In 2009, in Accra, Ghana, President Obama blasted identity politics as a canker in the African body politics:

We all have many identities – of tribe and ethnicity; of religion and nationality. But defining oneself in opposition to someone who belongs to a different tribe, or who worships a different prophet, has no place in the 21st century…. In my father’s life, it was partly tribalism and patronage in an independent Kenya that for a long stretch derailed his career, and we know that this kind of corruption is a daily fact of life for far too many.

For what little it is worth, for the last few years I have preached from my cyber soapbox against those in Africa who have used the politics of ethnicity to cling to power.
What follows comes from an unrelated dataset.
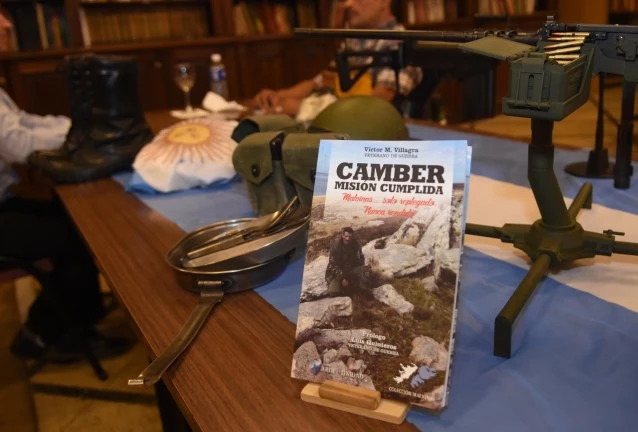 En su visita a La Prensa. Víctor Villagra tuvo la gentileza de traer todo el material (ver fotos) como el que usó durante la Guerra de Malvinas en 1982. El material (borceguís, cargadores, munición, caramañola, poncho de agua, antiparras, marmita de campaña, casco, una réplica del FAL con culata reversible tamaño real y otra, a escala, de la ametralladora pesada antiaérea 12.7) es el mismo que utiliza para dar sus charlas a lo ancho y largo de todo el país, sobre todo en colegios. Asimismo, Villagra se encuentra presentando el libro que escribió sobre su experiencia en la Guerra de las Malvinas: “Camber: Misión Cumplida” (Grupo Argentinidad. 164 páginas)

I firmly believe that our humanity is more important than our ethnicity, nationality, sovereignty or even Africanity! As an unreformed Pan-Africanist, I also believe that Africans are not prisoners to be kept behind tribal walls, ethnic enclaves, Ivorite, kilils, Bantustans, apartheid or whatever divisive and repressive ideology is manufactured by dictators, but free men and women who are captains of their destines in one un-walled Africa that belongs to all equally. “Tear down the walls of tribalism and ethnicity in Africa,” I say.
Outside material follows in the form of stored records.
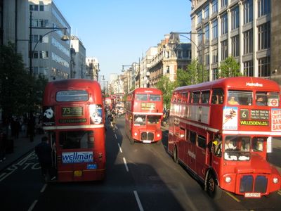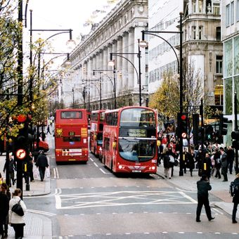 Oxford Street est une artère commerçante du West End de Londres qui s'étend sur 2,4 kilomètres entre Tottenham Court Road et Marble Arch, abritant plus de 300 boutiques. Le tracé suit une ligne droite vers l'ouest, avec des grands magasins et des enseignes de chaque côté et des carrefours marqués par des stations de métro.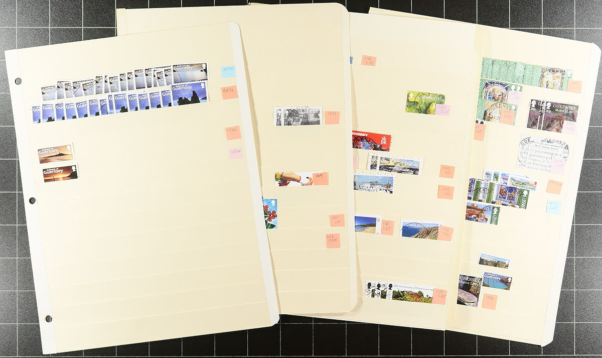 Two binders, one large, one narrow with an extensive accumulation of postally used Guernsey (and some Alderney) to about 2010, plus some WWII German occupation issues. Comprehensive, extensive and in decent condition. Many complete sets, with topical appeal, and individual denominations to £5. Noted #640-643 with four extra copies of #643. Includes more recent "post-paid" rates, including Europe and Overseas. Just missing the souvenir sheets. Often up to 20 of a type, making this perfect for a dealer, or a collector wanting to put in some "sweat equity" by covering their costs by selling the duplicates. A remarkable lot from a local collector, never seen by the collecting community before. Estimate =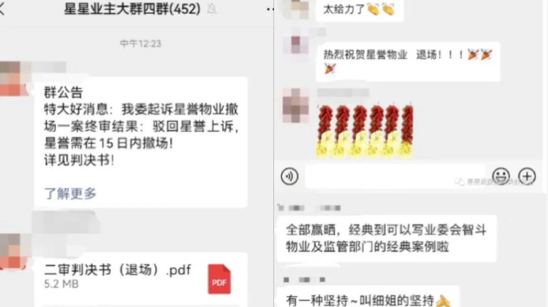 昨晚,星星凯旋国际业主向楼市君发来喜报,称其业委会起诉星誉物业退场一案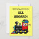 Choo choo train 1st birthday party invitations, the background colour is customizable. You can further personalize this design by pressing the "customize it" button.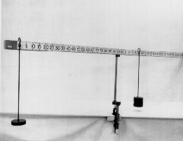 DESCRIPTION: Weights are hung along the two-meter scale to balance torques about the center of the scale.

It is necessary to come up with a counter-ideology to withstand the rising tide of Afro-Fascism. Perhaps we can learn from Archbishop Desmond Tutu’s ideas of “Ubuntu”, the essence of being human. Tutu explained: “A person with Ubuntu is open and available to others, affirming of others, does not feel threatened that others are able and good, for he or she has a proper self-assurance that comes from knowing that he or she belongs in a greater whole and is diminished when others are humiliated or diminished, when others are tortured or oppressed.” I believe “Ubuntu” provides a sound philosophical basis for the development of a human rights culture for the African continent based on a common African belief of “belonging to a greater whole.” To this end, Tutu taught, “Do your little bit of good where you are; it’s those little bits of good put together that overwhelm the world.” More specifically, Africa.

“Afri-Cans” and “Afri-Cannots”

As for South Sudan, the future holds many dangers and opportunities. Africans have fought their way out of colonialism and become independent. Some have seceded from the post-independence states, but it is questionable if they have succeeded. How many African countries are better off today than they were prior to independence? Before secession? As the old saying goes: “Be careful what you wish for. You may receive it.” We wish the people of South and North Sudan a future of hope, peace, prosperity and reconciliation.
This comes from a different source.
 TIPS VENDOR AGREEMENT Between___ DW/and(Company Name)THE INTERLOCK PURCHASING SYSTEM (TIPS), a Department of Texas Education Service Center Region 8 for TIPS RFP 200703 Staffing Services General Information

I am no longer sure if Afri-Cans are able to “unite for the benefit of their people”, as Bob Marley pleaded. But I am sure that Afri-Cannot continue to have tribal wars, ethnic domination, corruption, inflation and repression as Fela Kuti warned, and expect to be viable in the second decade of the Twenty-First Century. In 1963, H.I.M. Haile Selassie reminded his colleagues:

Today, Africa has emerged from this dark passage [of colonialism]. Our Armageddon is past. Africa has been reborn as a free continent and Africans have been reborn as free men…. Those men who refused to accept the judgment passed upon them by the colonisers, who held unswervingly through the darkest hours to a vision of an Africa emancipated from political, economic, and spiritual domination, will be remembered and revered wherever Africans meet…. Their deeds are written in history.

It is said that those who do not remember history are doomed to repeat it. I am afraid Africa’s Armageddon is yet to come. Africa has been re-enslaved by home grown dictators, and Africans have become prisoners of thugs, criminals, gangsters, fugitives and outlaws who have seized and cling to power like parasitic ticks on a milk cow. Cry for the beloved continent!